Information shown —
_ _ _ _
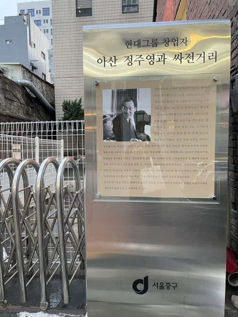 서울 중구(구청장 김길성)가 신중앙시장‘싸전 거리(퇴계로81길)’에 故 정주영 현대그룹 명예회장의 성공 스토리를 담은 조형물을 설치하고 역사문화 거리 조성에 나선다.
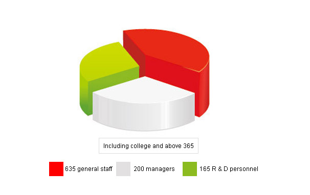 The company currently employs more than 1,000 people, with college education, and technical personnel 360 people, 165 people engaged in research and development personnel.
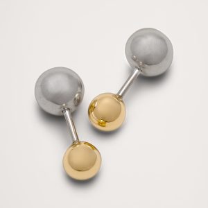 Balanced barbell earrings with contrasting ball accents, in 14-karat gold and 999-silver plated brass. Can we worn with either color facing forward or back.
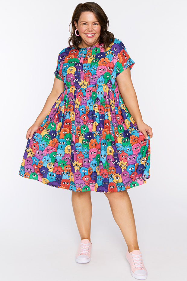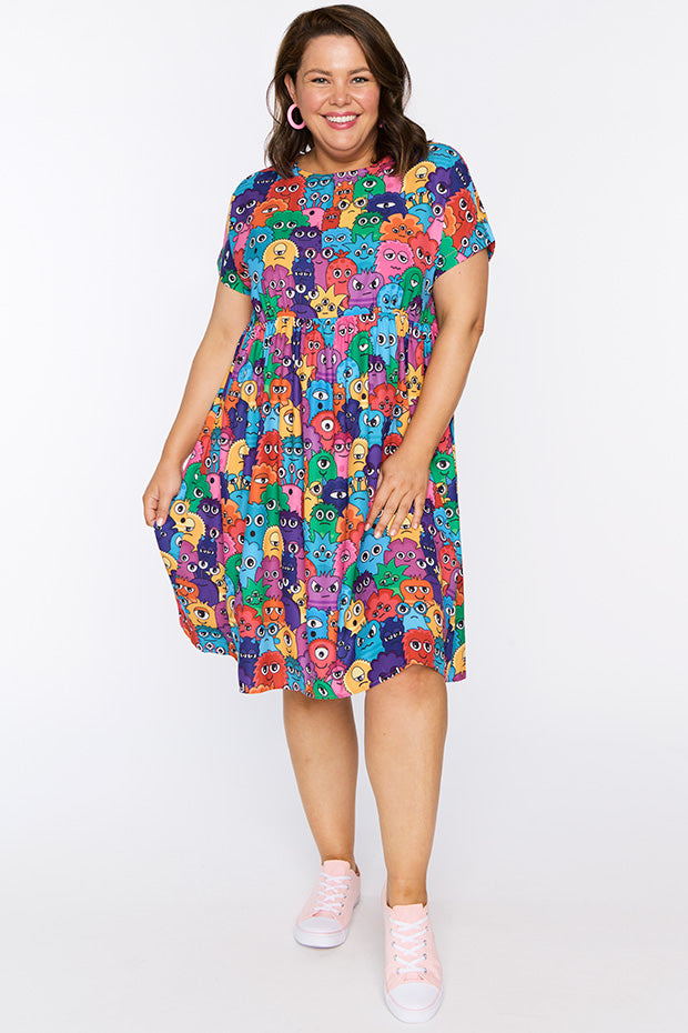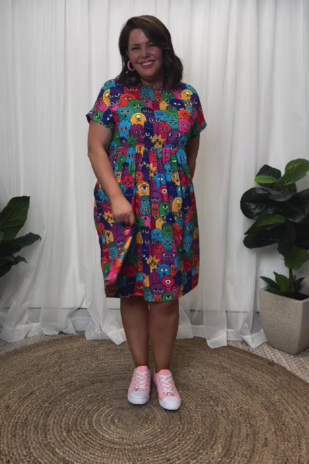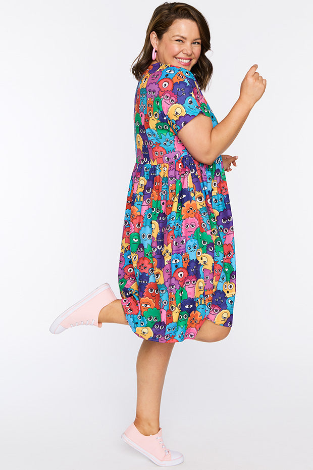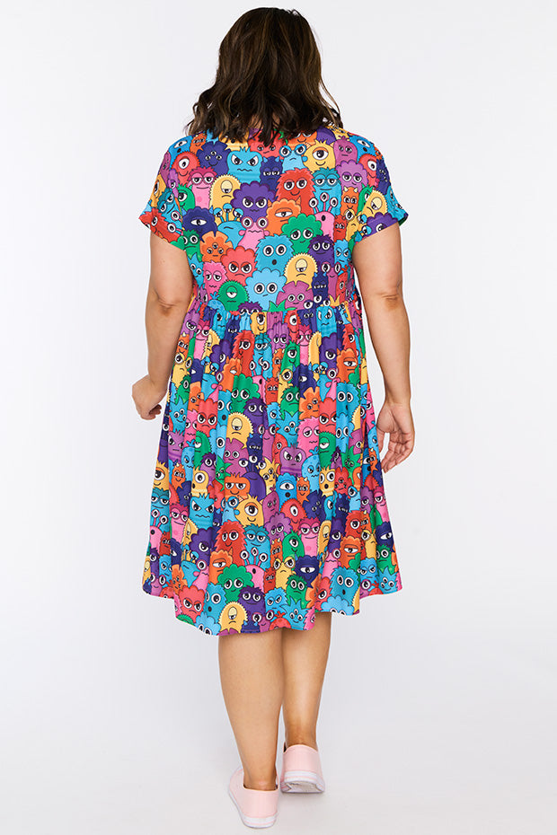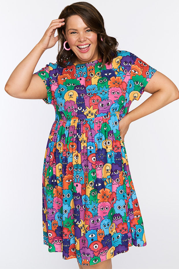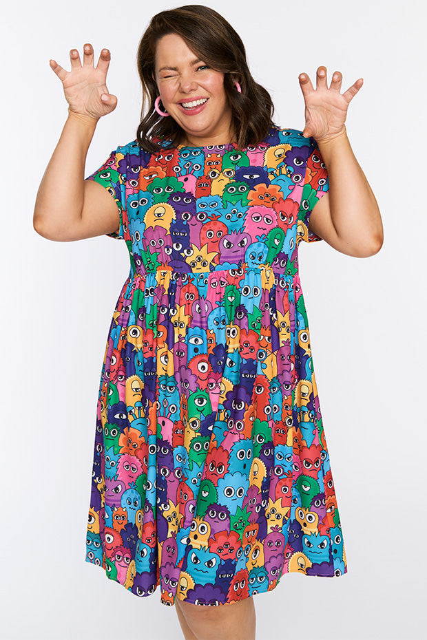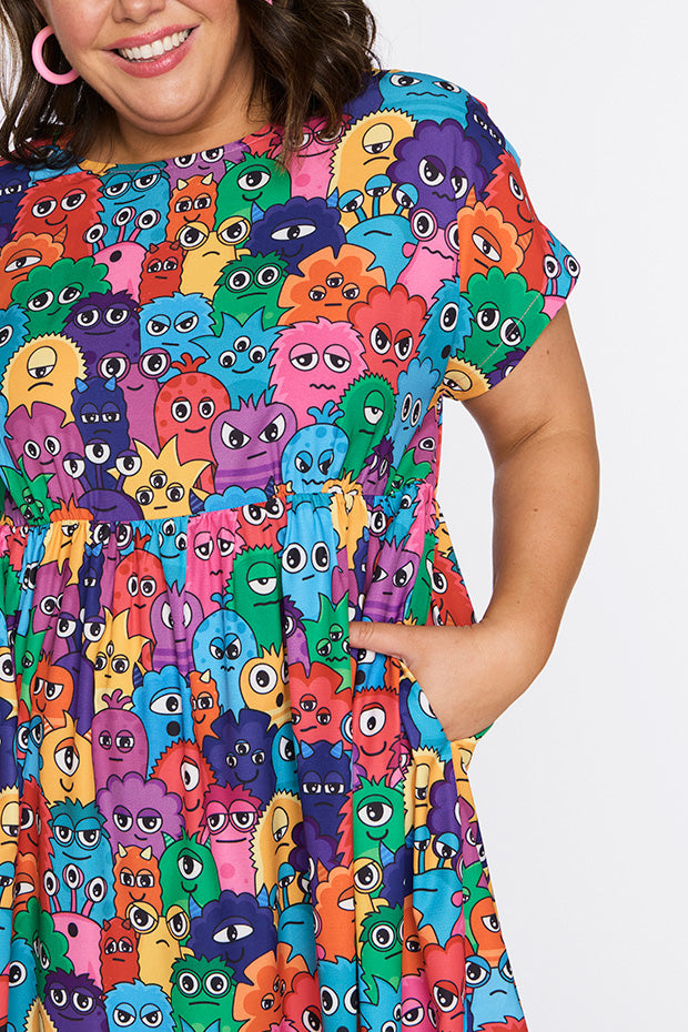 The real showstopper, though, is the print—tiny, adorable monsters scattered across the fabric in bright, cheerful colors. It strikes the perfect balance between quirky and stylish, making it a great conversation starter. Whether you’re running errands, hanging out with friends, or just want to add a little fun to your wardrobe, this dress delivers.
_ _ _ _
Brief — Once the pictures are set aside, repeat the data above exactly as written.

Written solution —
 서울 중구(구청장 김길성)가 신중앙시장‘싸전 거리(퇴계로81길)’에 故 정주영 현대그룹 명예회장의 성공 스토리를 담은 조형물을 설치하고 역사문화 거리 조성에 나선다.
 The company currently employs more than 1,000 people, with college education, and technical personnel 360 people, 165 people engaged in research and development personnel.
 Balanced barbell earrings with contrasting ball accents, in 14-karat gold and 999-silver plated brass. Can we worn with either color facing forward or back.
 The real showstopper, though, is the print—tiny, adorable monsters scattered across the fabric in bright, cheerful colors. It strikes the perfect balance between quirky and stylish, making it a great conversation starter. Whether you’re running errands, hanging out with friends, or just want to add a little fun to your wardrobe, this dress delivers.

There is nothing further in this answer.